Somerset County Gazette
- Type: Weekly newspaper
- Format: Tabloid
- Owner: Newsquest
- Editor: vacancy
- Founded: 1836
- Political alignment: None
- Language: English
- Headquarters: Tangier 2, Tangier Central, Taunton, Somerset, TA1 4AS
- Circulation: 5,157 (as of 2023)
- Website: somersetcountygazette.co.uk

= Somerset County Gazette =

Weekly newspaper in Somerset, England

The Somerset County Gazette is a weekly tabloid newspaper in Somerset, England.

== History ==
It was founded in 1836, and is now owned by Newsquest.

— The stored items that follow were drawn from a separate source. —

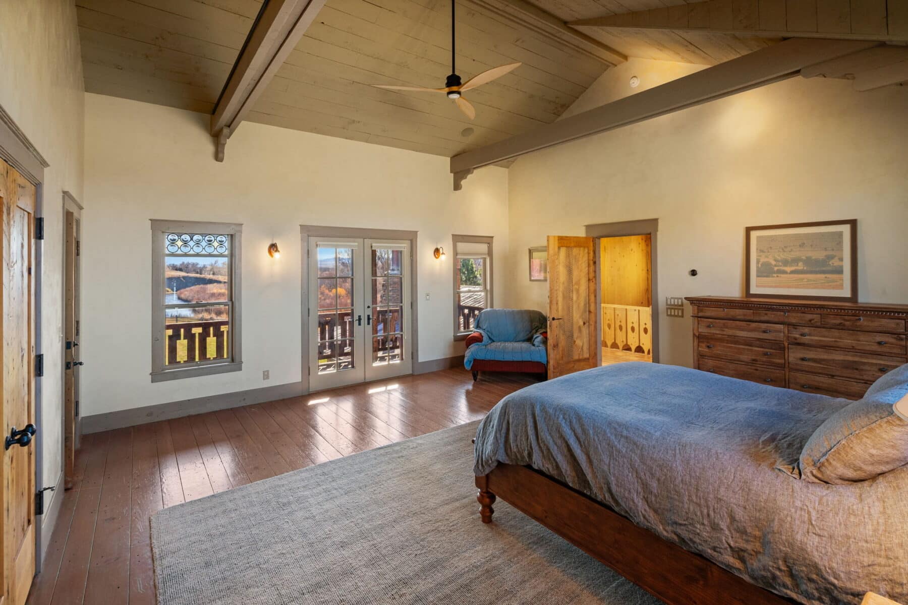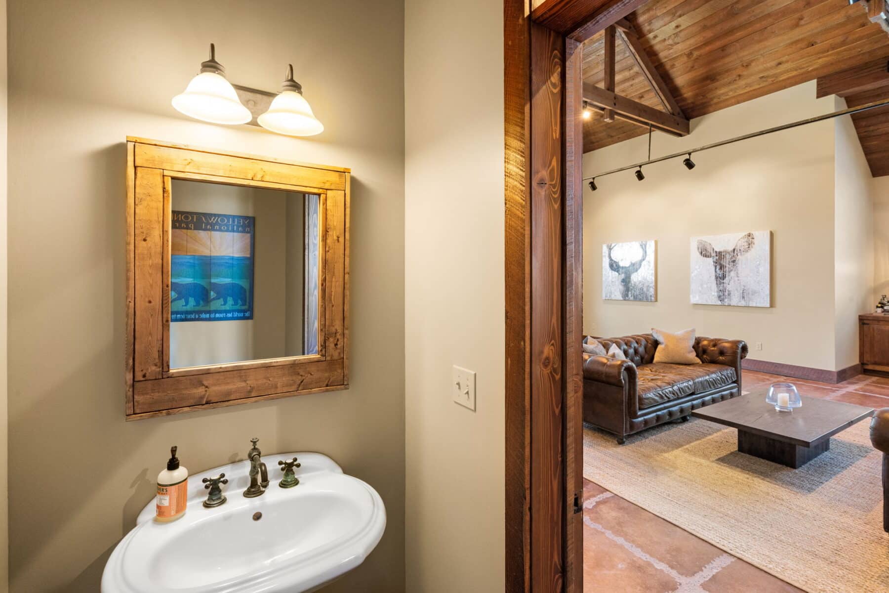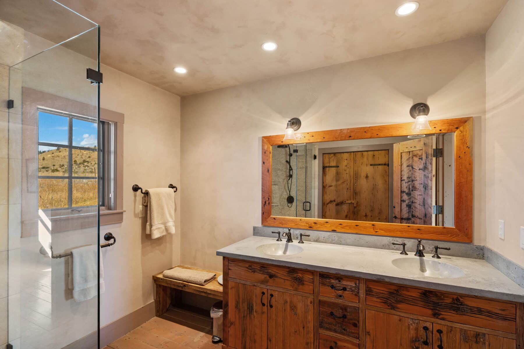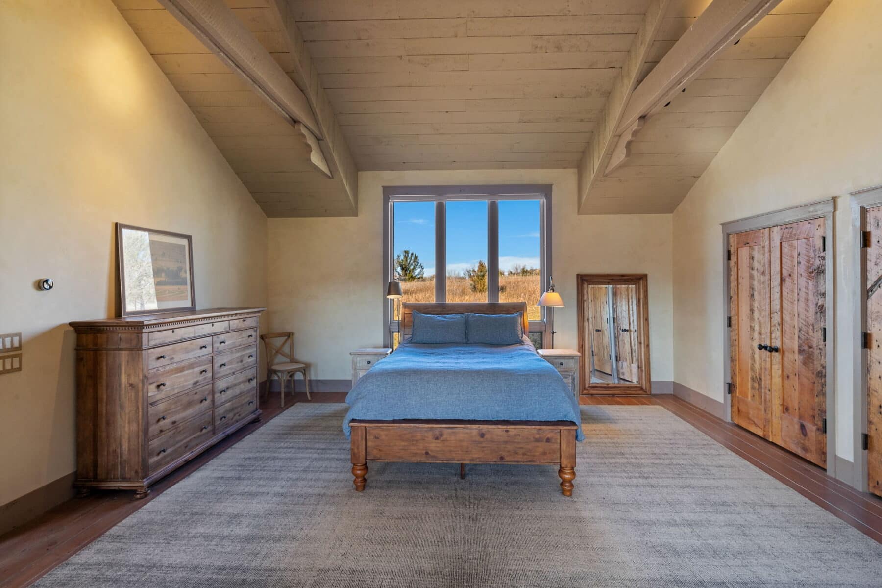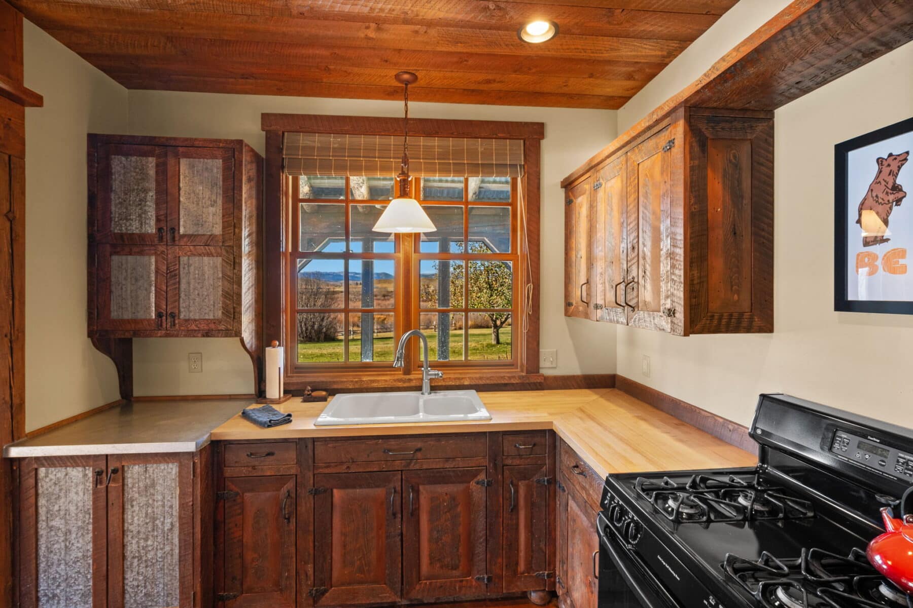 Also designed by architect Larry Pearson and brought to life by Yellowstone Traditions in 1999, this 2,905-square-foot two-bedroom guest house is reminiscent of a traditional barn with its graceful sloping lines and generous overhangs. The guest house seamlessly integrates into its natural surroundings, offering stunning views of the river and mountains. Built with authenticity using reclaimed materials from 19th and 20th-century regional buildings, the home features a reclaimed corrugated steel roof and acid-stained concrete floors throughout, all warmed by radiant in-floor heating. The heart of the space is a grand, light-filled great room with soaring cathedral timber and beam-clad ceilings, complemented by strategically placed Pella windows and skylights. The thoughtful floor plan includes a farm-style galley kitchen with butcher block and steel countertops, a comfortable living/dining area, and a versatile extra room featuring built-in amenities. A screened 388-square-foot porch and a stone patio, complete with a fire pit and boulder benches provide an outdoor living space. Modern comforts include a three-quarter bath with copper fixtures and a powder room. Throughout the guest house, custom cabinetry, artisanal details, and multiple outdoor access points create a space that functions beautifully as a luxurious guest retreat.
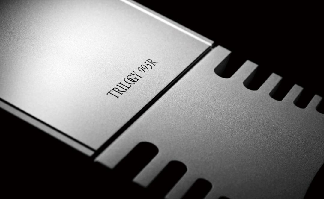 再來看看995R單聲道後級放大器,這是Trilogy品牌歷經四年研究而來的成果。與915R一樣,995R也是通體亞光磨砂航天級鋁材,稍稍內凹、橫截面呈反弓形的前面板上,電源開關按鈕也是下沉在倒水滴狀的凹陷之中,同樣顯得優雅而富有層次感。與大多數後級放大器不同,995R的散熱器鰭片位於機體前部、面板的左右兩側。從頂部看下去,散熱器鰭片的間隔深度由前至後不斷加大,呈現出一種有韻律的機械美感。除此之外,頂板上面的品牌型號字樣和三根鏤空線條也進一步增添了神秘感。
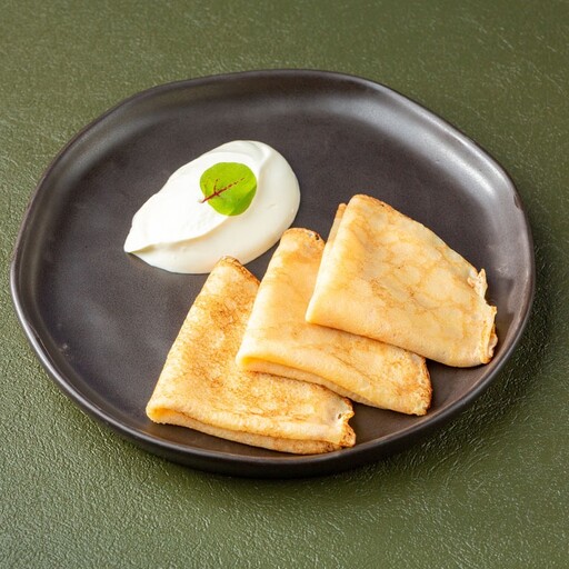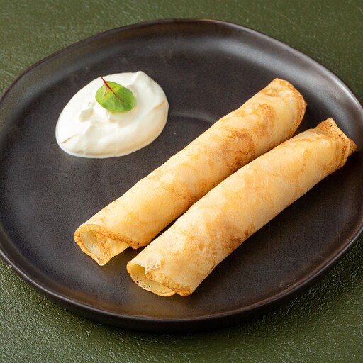 Нежные блины с говяжьим фаршем и пряными приправами. Подается со сметаной

The newspaper was re-launched in November 2016, under the County Gazette masthead, with the tagline 'Somerset's heartbeat', losing the full Somerset County Gazette logo and web address from the front page.

The County Gazettes sports coverage received a Highly Commended honour for Outstanding Newspaper Coverage at the 2018 Domestic Cricket Journalism Awards, which are organised by the England and Wales Cricket Board.

The newspaper, including editorial and advertising teams, is based in Taunton, Somerset. The Somerset County Gazette moved out of its historic offices close to Somerset County Cricket Club to new offices at Tangier Way, in February 2019.